"I felt I was on fire, with the things I could have told you
I just assumed that you eventually would ask
And I wouldn’t have to bring up my so badly broken heart
And all those months I just wanted to sleep
And though spring, it did come slowly, I guess it did its part
My heart has thawed and continues to beat"
--Conor Oberst from June On the West Coast.
My head hurts. I'm tired. I spent most of the day with my grandmother whom I love dearly, but she was in terrible sorts today and it was a miserable awful time. Ugh.
And then I got to thinking.
And Bright Eyes played through the speakers in my car as I drove around the dark cold city. And it is perfect.
I am choking with things I never say to people. I am suffocating on sorry's for what I never said. For what I should have said.

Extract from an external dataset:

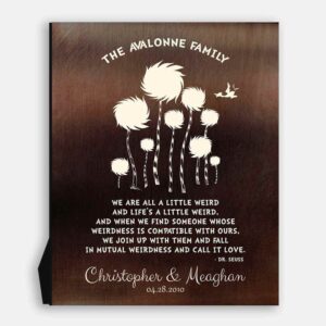 8 Year Anniversary Gift Dr. Seuss Personalized Truffula Trees A Little Weird Quote Faux Bronze Brass #1471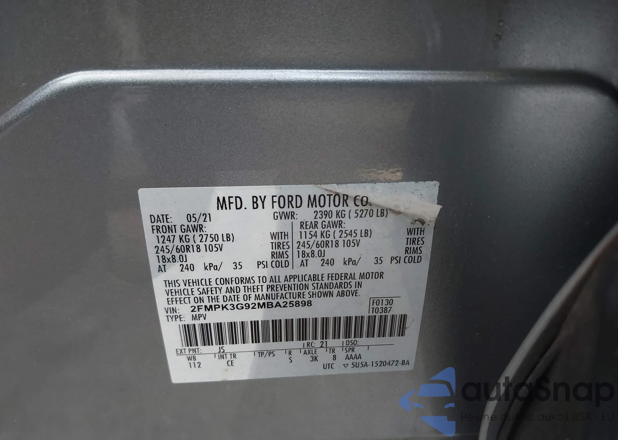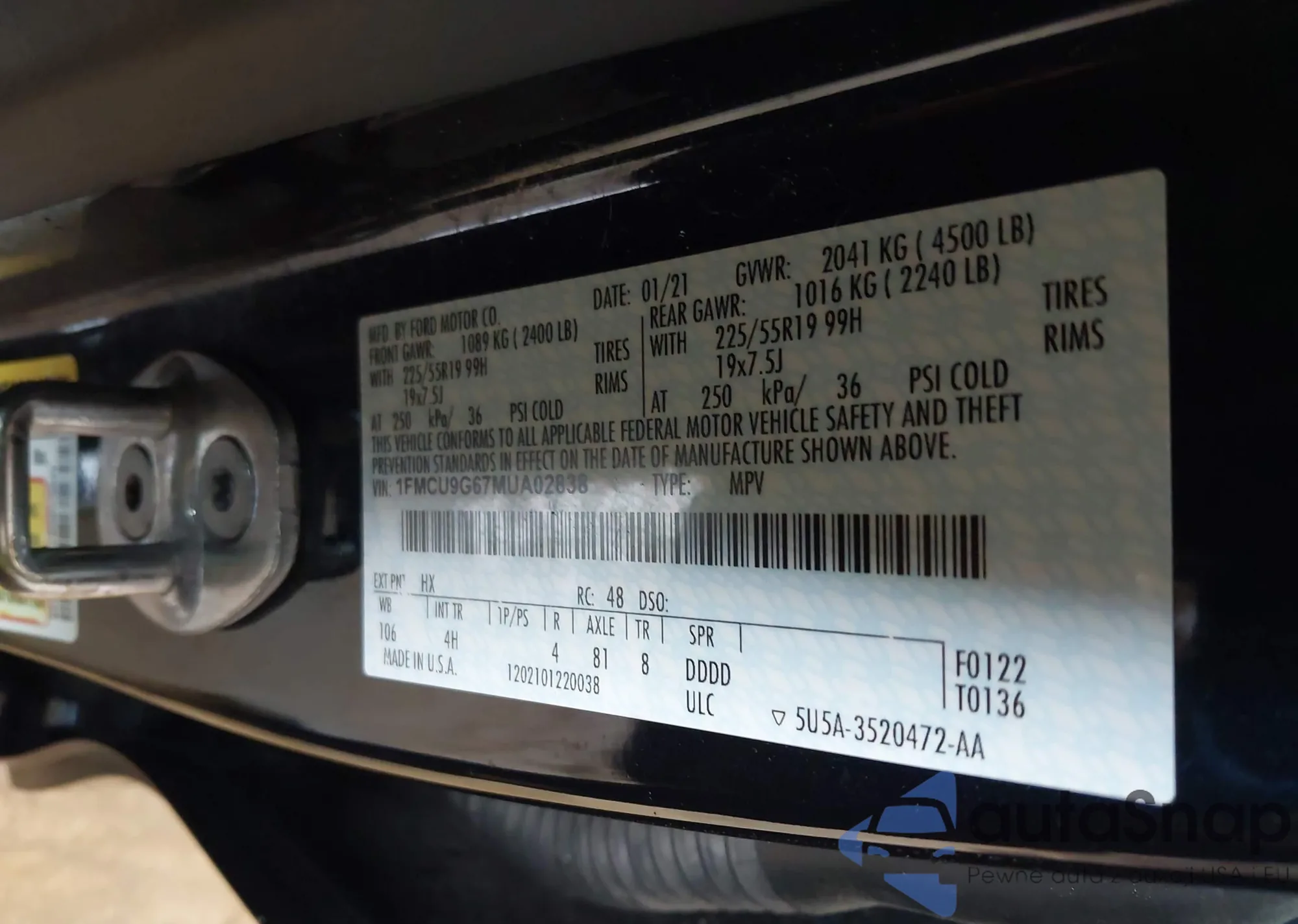 LOT: 43766155 VIN: 1FMCU9G67MUA02838

In that spirit, I will write more later, its freezing here, and I can barely feel my fingers or think straight. The cold has always incapacitated me in one way or another.
Goodnight.
Later...
I've just finished watching Shakespeare in Love, and I might state that it is always bad for me in the most wonderful way to watch or read anything even involving Shakespeare. It seems to me that he embodies the passion and the feeling of all that it is to be human--to laugh and cry and love. A passion that is no longer present in our modern lives of productivity--it seems to me that the Industrial Revolution did more than mechanize the world--it mechanized our lives and the way we think and how we act. We are machines, with no time or care to see the beauty and tragedy of life in all its aspects.
I feel that if I were born a little under a hundred and fifty years earlier I would have fit well with that age. The sheer decadence and celebration of life and love, the decay of the past rotting beautifully, poetically with the tragic modernization of the present. No wonder so many great thinkers and writers came out of the late 1800's and le fin de siècle. It must have been magical.
I think that is the real difference between art and fingerpaintings, between scribbles and sonnets--its the total embrace of every aspect of life--the good the bad, the celebration of being human and unashamed to feel and to think and to be. We are not machines. We are not engineered to perfection or vastly productive robots--we cannot find our true worth in how much we make or live up to the high standards we have created for ourselves--and for this we are guilty and shamed for simply being human. We have suppressed the very spirit that makes us. God did not make us mechanical, he made us flesh and bone and heart. Above all heart, and love. A machine cannot love. It cannot think, or feel. I am glad that I am not one. I am glad that I dont ever want to be one.
I can take people thinking Im unproductive, or a failure by their standards if it means that I know the true nature of life, the magnificence buried by debris and love it passionately for all that so many never see.
1 comment:
Amen. Thank God we are here to live and love and be. There's nothing more beautiful in life than the love and passion that beauty and pain create. I love life. I love being alive. Even when things are far from perfect. This is who I am and where I'm meant to be. This was a beautiful entry and I think you're right about Shakespeare. He really did embody so many fabulous parts of human passion and life.
I love you Nik. I hope today is better.